In truth, the pay-outs are pay-back for the higher costs Californians pay on account of the cap-and-trade program.
To their credit, CBS8 did quote a dissenter, Mark Toney, Executive Director for The Utility Reform Network, who said, “It’s not SDG&E out of the goodness of their heart who decided they are going to give customers credit, these are credits because customers pay higher consumer prices for other products…The things we buy have higher costs because they paid for the climate credits; the idea is that the credits made on our bills are supposed to offset those higher costs.”
California electricity prices are the highest in the region due to public policies like the cap-and-trade program that funds these pay-outs.

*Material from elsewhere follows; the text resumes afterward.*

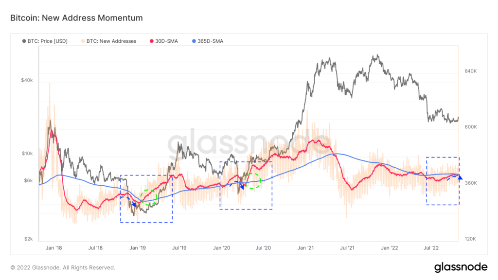 V januári 2019 sa 30-dňový jednoduchý kĺzavý priemer (SMA) začal pomerne agresívne pohybovať nad 365-dňovým; zároveň sa cena BTC pohybovala od 4- do 14-tisíc dolárov. Naopak, keď 30-dňový SMA klesne hlboko pod 365-dňový SMA, ako je to uvedené modrými šípkami vyššie, cenová aktivita bitcoinu má tendenciu klesať, ako to bolo v novembri 2018, keď výpredaj posunul cenu o 50 percent z približne 6 000 dolárov na 3 000 dolárov. Nedávno, koncom septembra a v októbri 2022, sa v priebehu októbra začala zvyšovať hybnosť nových používateľov, ale v posledných dňoch a týždňoch sa zastavila, čo ilustruje mierne klesajúce zakrivenie, ktoré sa začína formovať v 30-dňovom SMA (modrá šípka úplne vpravo). Ak 30-dňový SMA prekročí hranicu 410 000 používateľov a bude odtiaľ pokračovať smerom nahor, mohol by to byť začiatok novej rely. Bitcoin v minulosti vykazoval cenovú silu počas jesenných a zimných mesiacov. Vzhľadom na to, že globálny a makrofinančný naratív zostáva negatívny, je však ťažké predpovedať, ako sa bitcoin bude správať, kým sa nevytvorí jasný naratív pre zotavenie.

Put another way, California is using the tax-and-rebate approach that IER has dissected and dismantled here, here, and here. The lump-sum rebate revenue-recycling strategy is an attempt to pacify a public that has had energy affordability undermined. The framing by the CPUC intentionally obscures that reality.
The latest gambit from Sacramento is Governor Gavin Newsom’s idea to send car-owning Californians a debit card to cover elevated prices at the pump. As with the climate credit scheme, this Band-Aid would do nothing to address the underlying energy affordability barriers erected by the state itself.